Every entry below should come back unchanged, except that the pictures are dropped.

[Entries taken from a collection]
-*-

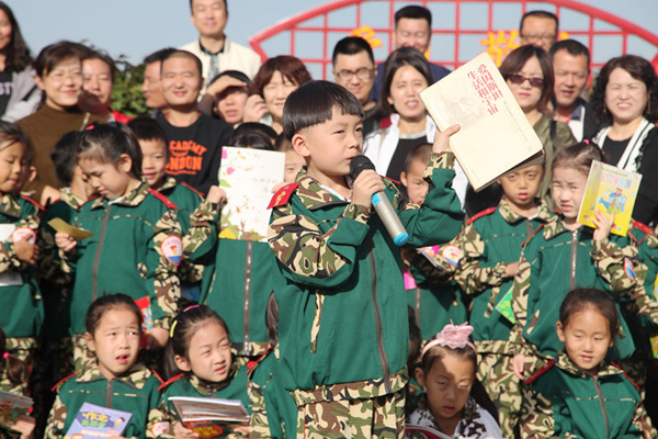 A child introduces the book he donated, Sept 23. Approximately 200 books were collected on the day. All of the books were placed on the bookshelves set up in the park. Residents can borrow the books from the bookshelf free of charge. [Photo/wenming.cn]
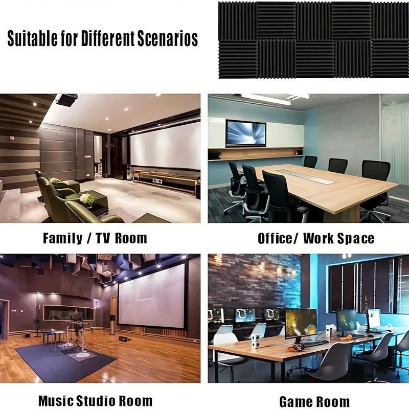 Juego de 12 paneles de espuma acústica negra de 2.54cm x 30.48cm para absorción de sonido y reducción de reverberación
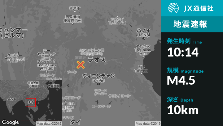 11月21日 10:14頃、タイのBo Klueaから北東35kmの地点でM4.5の地震がありました。
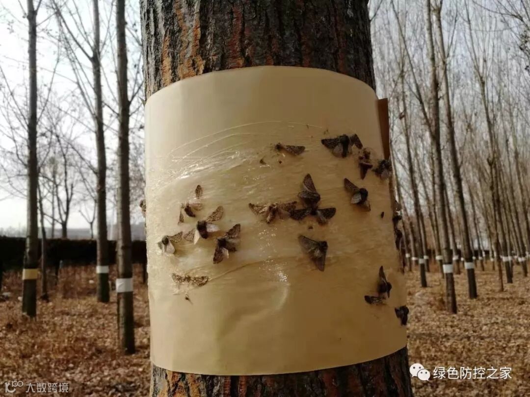 1.使用粘虫胶及胶带围环。每年1月中旬开始提前将胶带围环直接缠在距树基部1.2m高的树干1-2圈,2月中旬围环刷一层胶环。据2019监测,2月20-25号春尺蠖成虫开始出蛰,月底成虫大量出现。
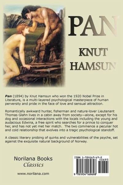 Pan (1894) by Knut Hamsun who won the 1920 Nobel Prize in Literature, is a multi-layered psychological masterpiece of human perversity and pride in the face of love and sensual attraction. Romantically awkward hunter, fisherman and nature-lover Lieutenant Thomas Glahn lives in a cabin away from society -- alone, except for his dog and occasional interactions with the locals including the young and audacious Edwina, a free spirit who searches for a prince to conquer her, and has not yet met her match. The two commence a peculiar hot and cold relationship that evolves into a tragic psychological standoff. A classic literary probing of quirks and vulnerabilities of the psyche, set against the exquisite natural background of Norway.
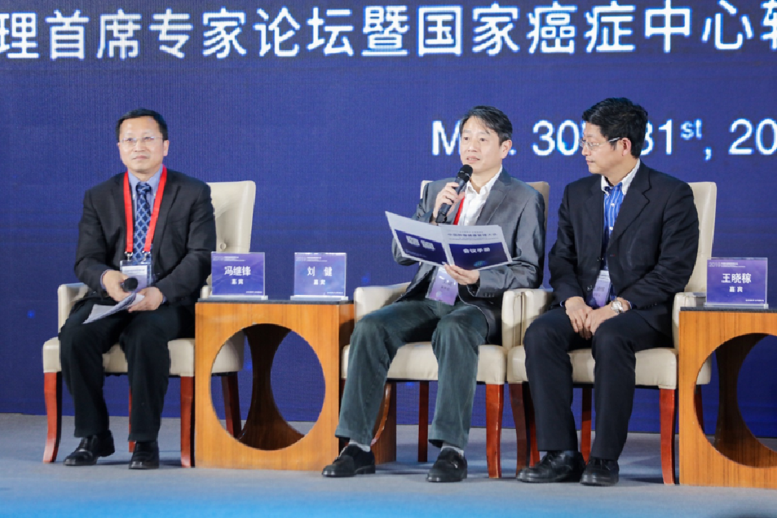 资料图片:刘健主任(中)参加2019年中国肿瘤健康管理大会现场
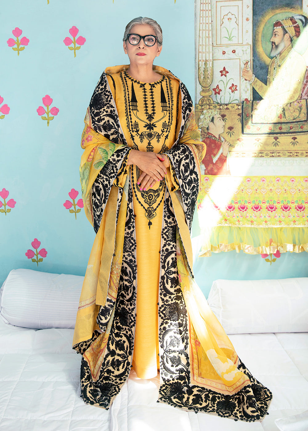 A rich cotton net base in spellbinding mustard hues serves as a canvas to gorgeous black embroidery. The midcalf length shirt has a loose silhouette and is paired up with a trouser and hand-rendered organza dupatta.
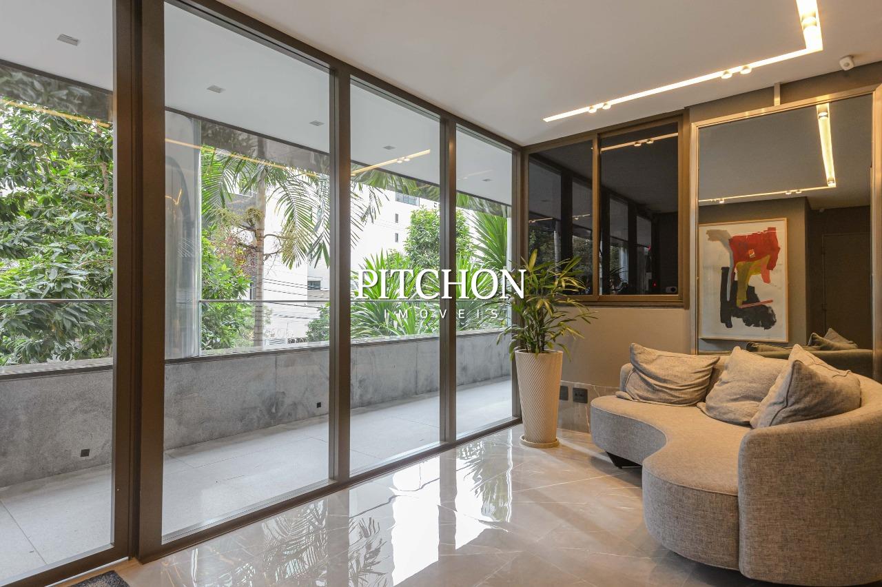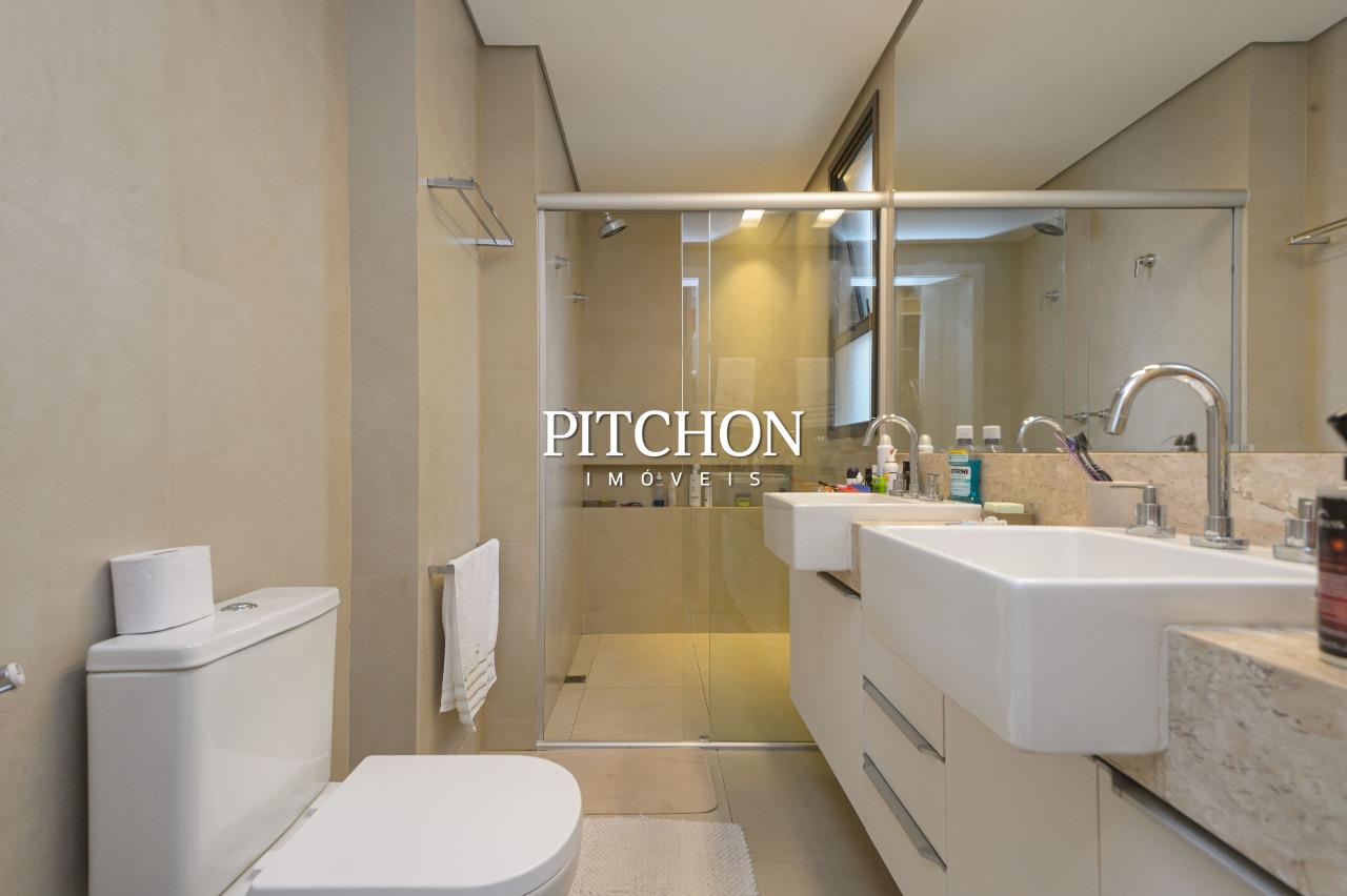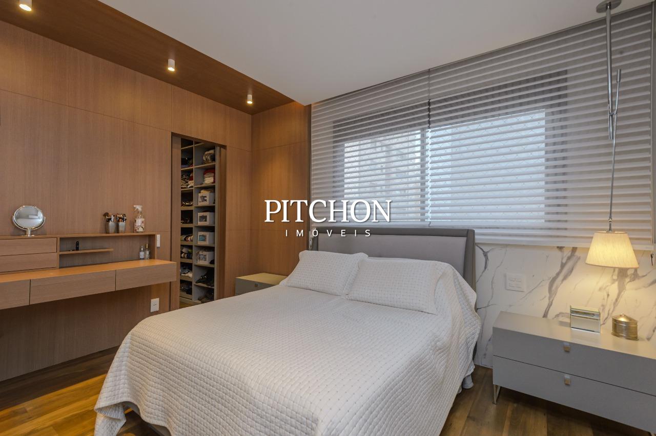 Ao adentrar no imóvel é recebido por uma ampla sala para dois ambientes com piso em mármore bege bahia, lavabo, varanda integrada, projeto luminotécnico e de sonorização, além de ar condicionado;
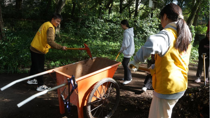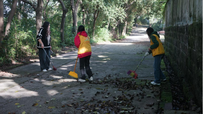 清理过程中,大到长时间无人问津的角落,小到路面上的每一片落叶,大家都在认认真真的清扫。老校区绿化面积大,杂草茂密丛生,同学们相互协作,互帮互助。有的用铲子铲起厚积的泥土、有的徒手拔除杂草、有的捡拾草中垃圾、有的清扫残枝落叶、即使大部分男生负责搬运垃圾,也没有人抱怨一句,大家不怕脏不怕累,配合默契,每走过一处便干净一处。在共同努力下,校园变得更加整洁、焕然一新,环境得到明显改善。明媚的朝阳洒在大地上,照亮了每位同学汗珠密布的脸,照亮了我们整个歇马校区。

-*-

### Written answer:
 A child introduces the book he donated, Sept 23. Approximately 200 books were collected on the day. All of the books were placed on the bookshelves set up in the park. Residents can borrow the books from the bookshelf free of charge. [Photo/wenming.cn]
 Juego de 12 paneles de espuma acústica negra de 2.54cm x 30.48cm para absorción de sonido y reducción de reverberación
 11月21日 10:14頃、タイのBo Klueaから北東35kmの地点でM4.5の地震がありました。
 1.使用粘虫胶及胶带围环。每年1月中旬开始提前将胶带围环直接缠在距树基部1.2m高的树干1-2圈,2月中旬围环刷一层胶环。据2019监测,2月20-25号春尺蠖成虫开始出蛰,月底成虫大量出现。
 Pan (1894) by Knut Hamsun who won the 1920 Nobel Prize in Literature, is a multi-layered psychological masterpiece of human perversity and pride in the face of love and sensual attraction. Romantically awkward hunter, fisherman and nature-lover Lieutenant Thomas Glahn lives in a cabin away from society -- alone, except for his dog and occasional interactions with the locals including the young and audacious Edwina, a free spirit who searches for a prince to conquer her, and has not yet met her match. The two commence a peculiar hot and cold relationship that evolves into a tragic psychological standoff. A classic literary probing of quirks and vulnerabilities of the psyche, set against the exquisite natural background of Norway.
 资料图片:刘健主任(中)参加2019年中国肿瘤健康管理大会现场
 A rich cotton net base in spellbinding mustard hues serves as a canvas to gorgeous black embroidery. The midcalf length shirt has a loose silhouette and is paired up with a trouser and hand-rendered organza dupatta.
 Ao adentrar no imóvel é recebido por uma ampla sala para dois ambientes com piso em mármore bege bahia, lavabo, varanda integrada, projeto luminotécnico e de sonorização, além de ar condicionado;
 清理过程中,大到长时间无人问津的角落,小到路面上的每一片落叶,大家都在认认真真的清扫。老校区绿化面积大,杂草茂密丛生,同学们相互协作,互帮互助。有的用铲子铲起厚积的泥土、有的徒手拔除杂草、有的捡拾草中垃圾、有的清扫残枝落叶、即使大部分男生负责搬运垃圾,也没有人抱怨一句,大家不怕脏不怕累,配合默契,每走过一处便干净一处。在共同努力下,校园变得更加整洁、焕然一新,环境得到明显改善。明媚的朝阳洒在大地上,照亮了每位同学汗珠密布的脸,照亮了我们整个歇马校区。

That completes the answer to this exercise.